Smoothing the way for capitalists, China's leaders have invited an electronics magnate and a steel maker to join the Communist Party's influential circle of leadership. The business of communist China is now, officially, business.
The party's growing acceptance of the political clout of business leaders like Zhang Ruimin, chief executive officer of electronics giant Haier Group, and Xie Qihua, president of steelmaking giant Baosteel Co. is good news for entrepreneurs
PHOTO: AFP
"Today's leaders understand things a bit better. We can work faster now," said Li Zhucheng, managing director of Fashion Electronics City, a huge store in the southern city of Dongguan.
"It's good to have more business managers in the party. I might consider joining myself," Li said.
Though the party's congress earlier this month stuck to a ritual-laden script, the 2,114 delegates approved a new generation of leaders and endorsed changes allowing a more active political role for the increasingly influential business sector, including the private sector.
Included among 158 alternate members of the party's Central Committee, which has a regular membership of 198, Zhang and Xie could be tapped later for higher positions. That's a turnaround for "red capitalists" raised in an age when profit-makers were branded "imperialist running dogs."
Private enterprises now account for roughly half of China's economic output. Along with foreign-invested companies, they are the main source of jobs for tens of millions of workers laid off by state firms.

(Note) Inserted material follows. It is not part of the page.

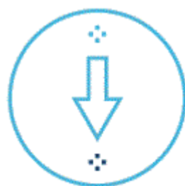
New Normal Lacks Appeal

"The only thing that keeps the ruling party ruling is growth and economic development," says Jim McGregor, a Beijing-based business consultant. "The jobs are all coming from the private sector. If it doesn't bring entrepreneurs on board, the party is in danger of becoming irrelevant."

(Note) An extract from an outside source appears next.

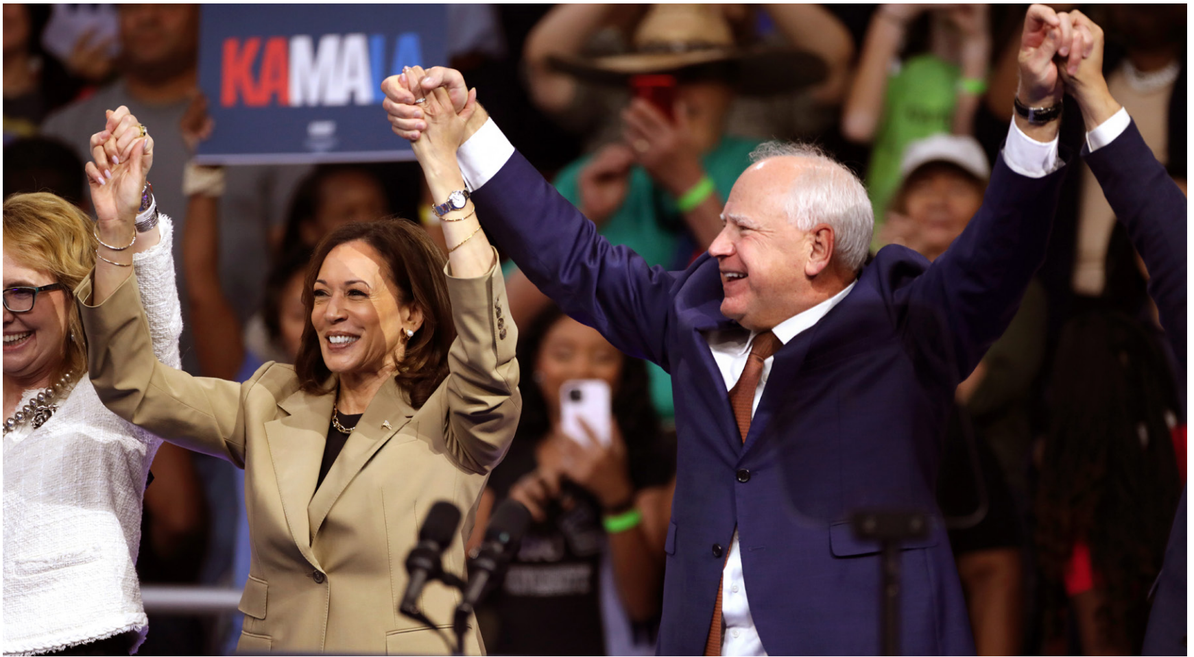
WITH NEWLY ANNOUNCED VICE-PRESIDENTIAL RUNNING MATE TIM WALZ AT RALLY IN GLENDALE, ARIZONA. AUGUST 9, 2024.

“Two middle-class kids: one a daughter of Oakland, California, who was raised by a working mother, the other a son of the Nebraska plains who grew up working on a farm. Coach Walz and I may hail from different corners of our great country, but our values are the same. And we both believe in lifting people up, not knocking them down.”

Like Zhang and Xie, most of the business figures attending the congress represented state-owned companies. Others attending were the chairman of Beijing's biggest manufacturer, Capital Steel Group, and the president of Air China, China's government-run flagship airline.

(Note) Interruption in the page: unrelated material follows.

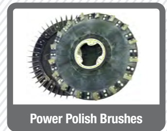
Power Polish Brushes

Haier, based in the eastern port city of Qingdao, was a failing state appliance factory until Zhang, a bureaucrat, was deployed to turn it around in 1984. Today it is one of China's best known brand names. As head of Shanghai-based Baosteel, China's biggest steel manufacturer, Xie is one of the country's most prominent businesswomen.
The party never disclosed the full list of delegates at the congress, but various estimates put the number of private business leaders attending at between five and 10. About one in five entrepreneurs have joined the party, according to government statistics, but until now their formal political role has been an advisory one.
Now, tycoons -- some of them the sons and daughters of past party leaders -- occupy an increasingly important spot in the unique Chinese economic-political hybrid known here as the "socialist market economy." The party refers to them by the more oblique "advanced productive forces."
Until the early 1980s, China pursued a policy of defense-oriented heavy industry and collectivist agriculture shaped by the utopian vision of revolutionary leader Mao Zedong.
When Mao died in 1976, China was almost devoid of private business and its economy was in shambles. His successor, Deng Xiaoping, declared that ``to get rich is no sin'' and began shifting from central planning to a market economy. He opened the country to foreign investment.
China now has 2 million private businesses. They employ more than 27.1 million people and own registered capital estimated at US$217 billion, according to one recent government estimate.